Supplied data —
================================

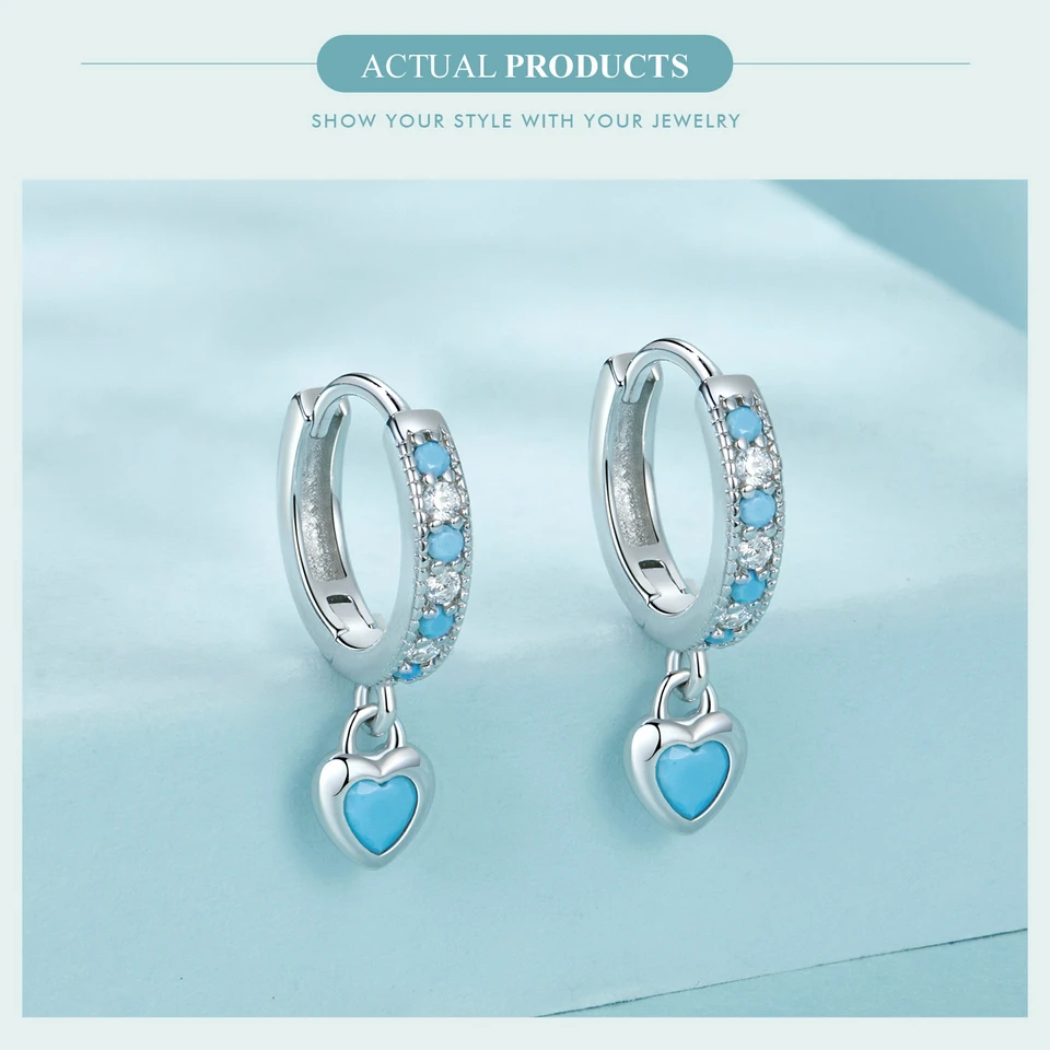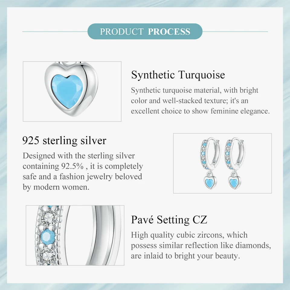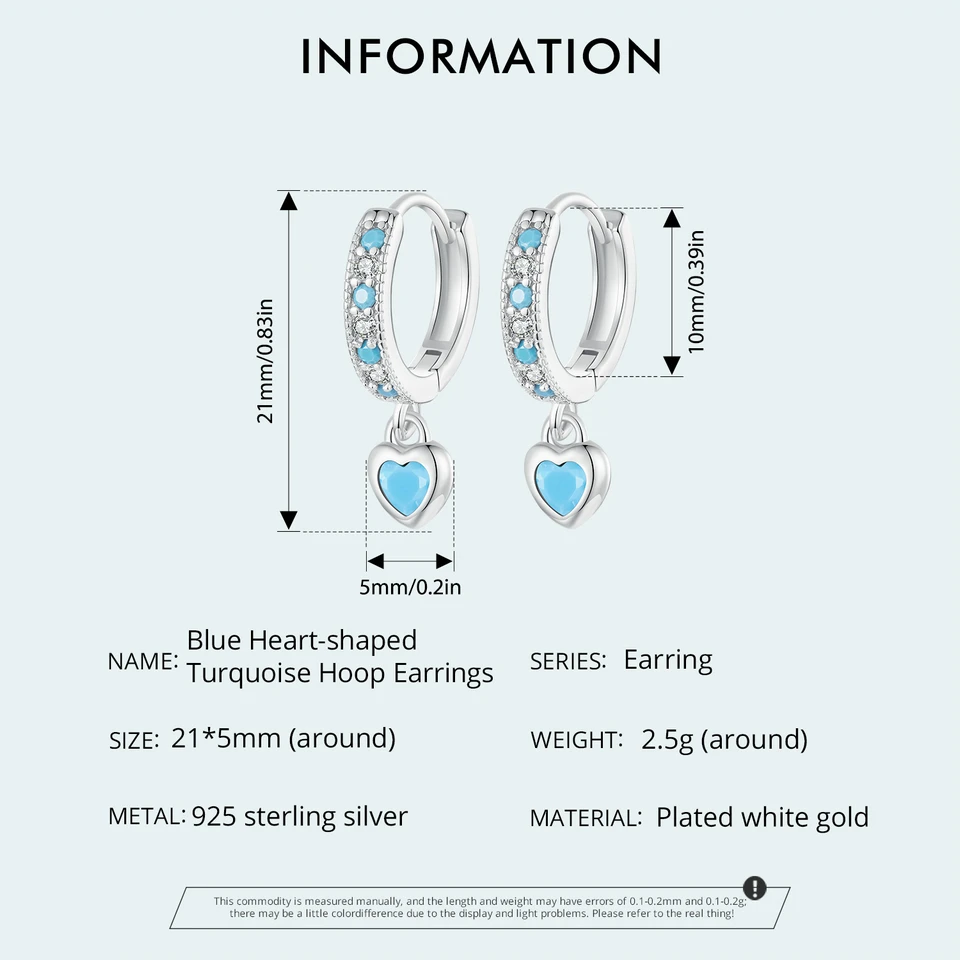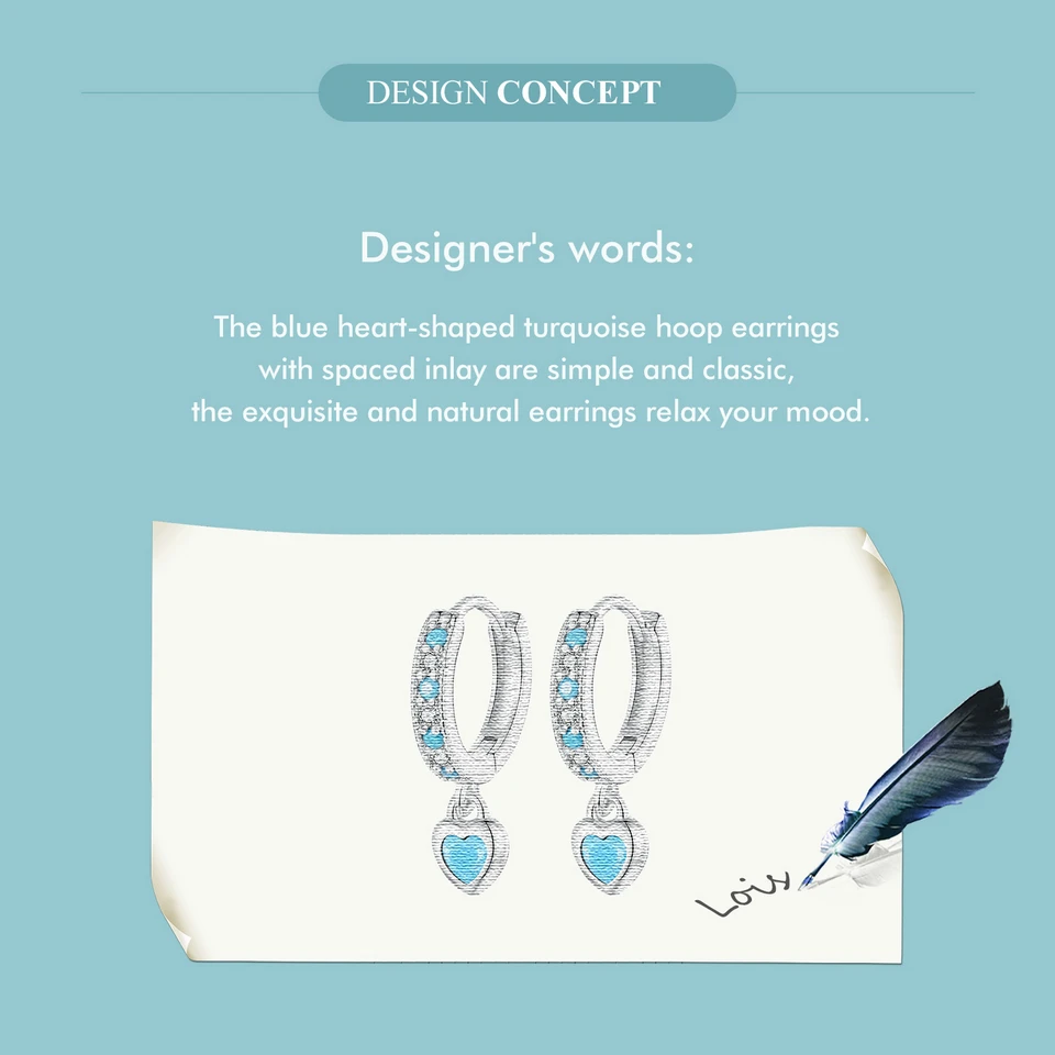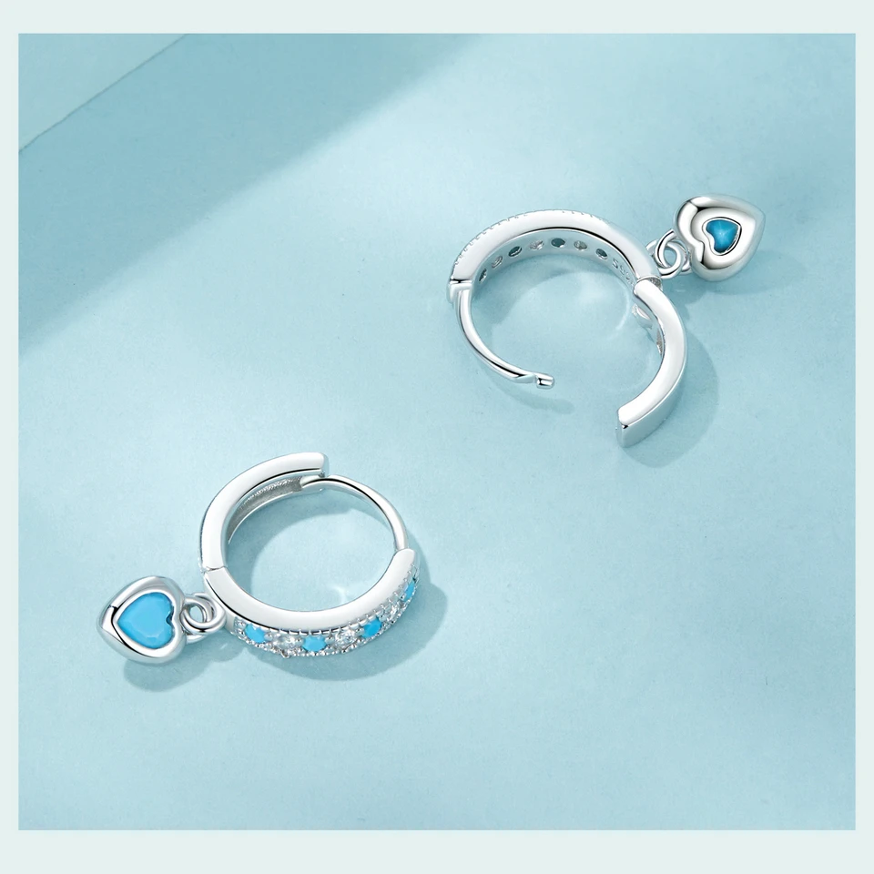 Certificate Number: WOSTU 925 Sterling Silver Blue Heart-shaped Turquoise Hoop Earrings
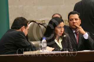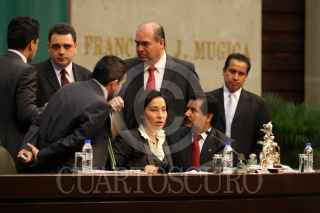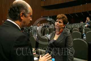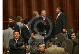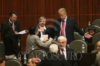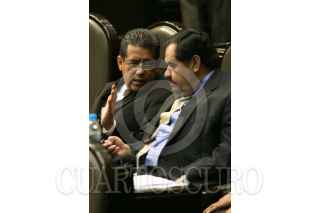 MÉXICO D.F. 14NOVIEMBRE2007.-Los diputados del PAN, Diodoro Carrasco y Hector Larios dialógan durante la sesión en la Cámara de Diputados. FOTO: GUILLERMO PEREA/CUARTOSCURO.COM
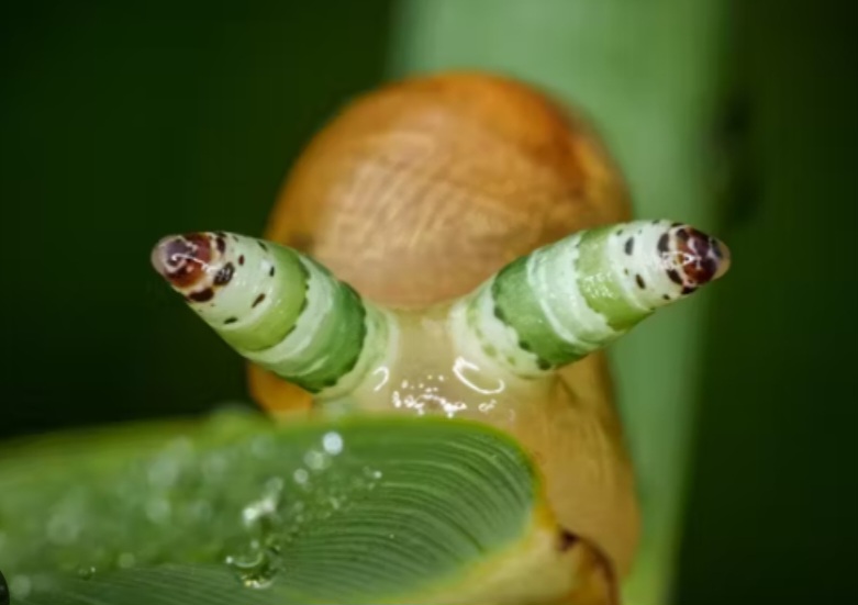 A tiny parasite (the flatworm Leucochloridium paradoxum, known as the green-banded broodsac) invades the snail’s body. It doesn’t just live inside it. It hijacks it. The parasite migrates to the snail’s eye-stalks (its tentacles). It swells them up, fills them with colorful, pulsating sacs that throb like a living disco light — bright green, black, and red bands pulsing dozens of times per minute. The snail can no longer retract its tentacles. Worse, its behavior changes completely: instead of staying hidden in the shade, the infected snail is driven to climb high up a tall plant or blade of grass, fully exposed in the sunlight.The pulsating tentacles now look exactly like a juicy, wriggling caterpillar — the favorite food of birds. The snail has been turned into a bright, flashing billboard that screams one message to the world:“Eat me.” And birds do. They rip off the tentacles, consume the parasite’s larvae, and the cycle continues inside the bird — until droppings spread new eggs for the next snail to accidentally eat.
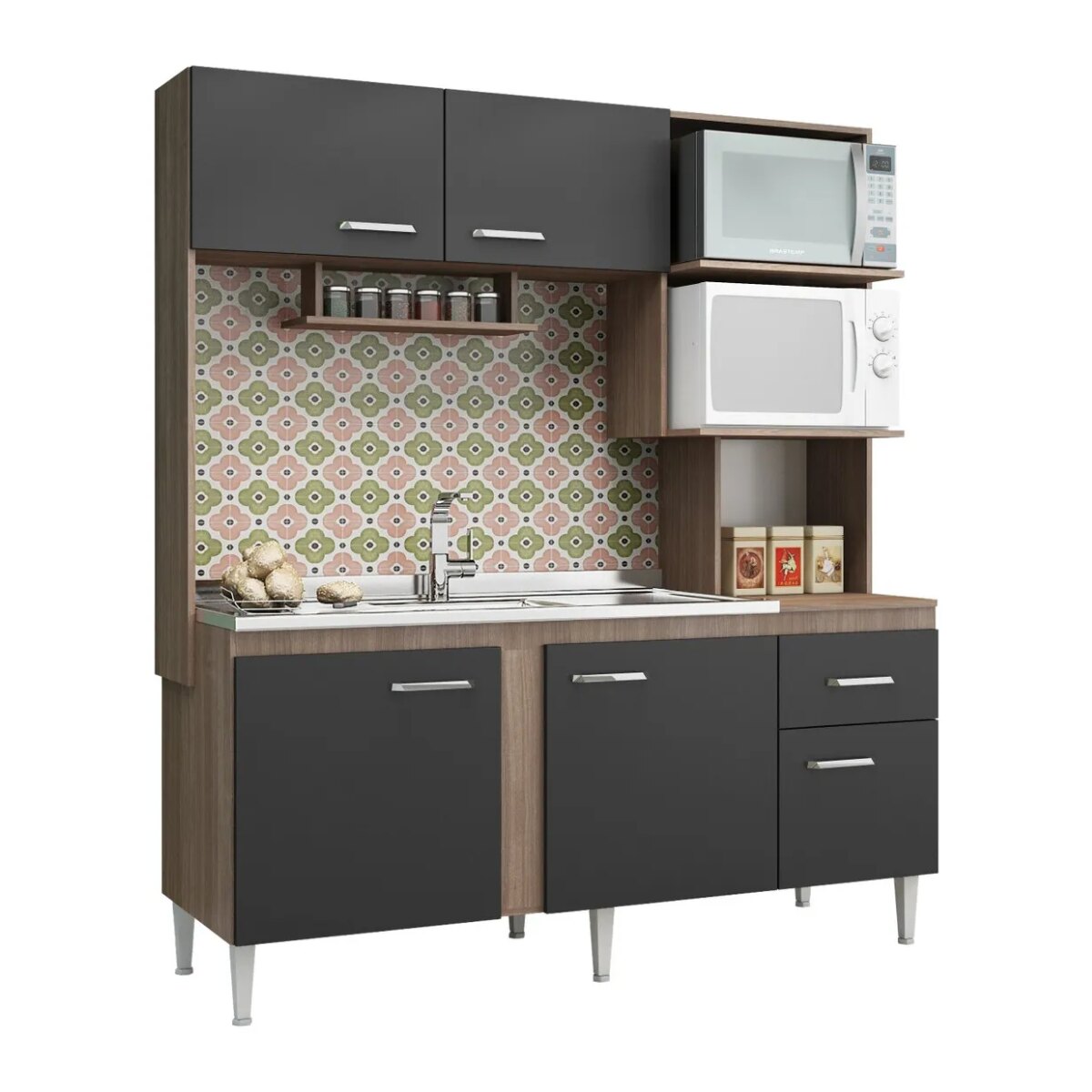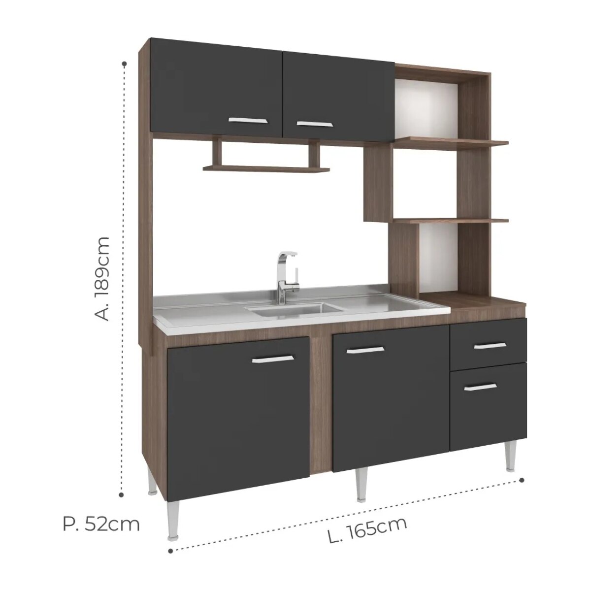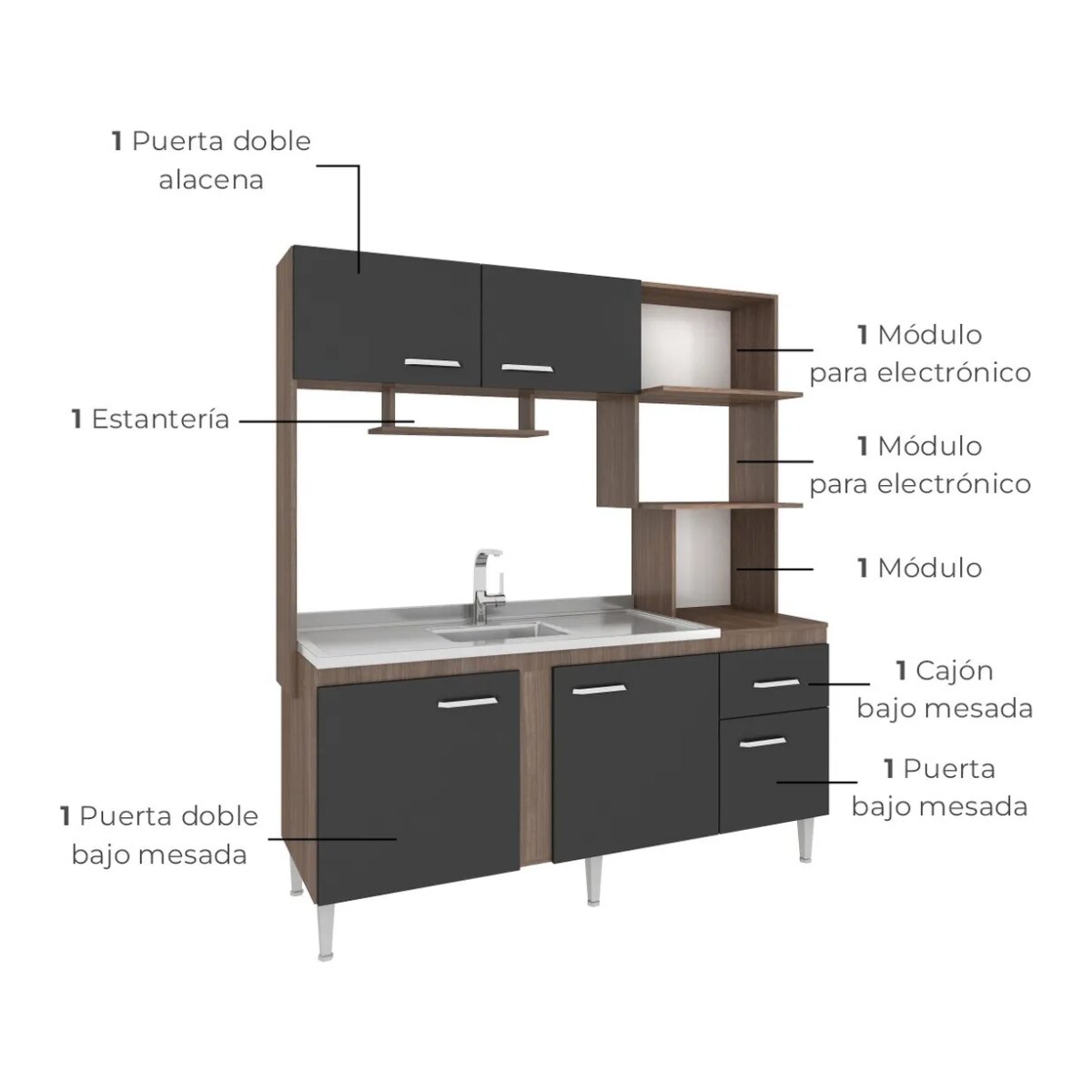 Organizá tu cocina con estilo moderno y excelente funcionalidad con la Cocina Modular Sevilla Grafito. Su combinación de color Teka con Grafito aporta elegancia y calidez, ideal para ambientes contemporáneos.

================================

Every picture stays out; reproduce exactly the lines from the one with "MÉXICO D.F. 14NOVIEMBRE2007.-Los" through the last line of the data above.

 MÉXICO D.F. 14NOVIEMBRE2007.-Los diputados del PAN, Diodoro Carrasco y Hector Larios dialógan durante la sesión en la Cámara de Diputados. FOTO: GUILLERMO PEREA/CUARTOSCURO.COM
 A tiny parasite (the flatworm Leucochloridium paradoxum, known as the green-banded broodsac) invades the snail’s body. It doesn’t just live inside it. It hijacks it. The parasite migrates to the snail’s eye-stalks (its tentacles). It swells them up, fills them with colorful, pulsating sacs that throb like a living disco light — bright green, black, and red bands pulsing dozens of times per minute. The snail can no longer retract its tentacles. Worse, its behavior changes completely: instead of staying hidden in the shade, the infected snail is driven to climb high up a tall plant or blade of grass, fully exposed in the sunlight.The pulsating tentacles now look exactly like a juicy, wriggling caterpillar — the favorite food of birds. The snail has been turned into a bright, flashing billboard that screams one message to the world:“Eat me.” And birds do. They rip off the tentacles, consume the parasite’s larvae, and the cycle continues inside the bird — until droppings spread new eggs for the next snail to accidentally eat.
 Organizá tu cocina con estilo moderno y excelente funcionalidad con la Cocina Modular Sevilla Grafito. Su combinación de color Teka con Grafito aporta elegancia y calidez, ideal para ambientes contemporáneos.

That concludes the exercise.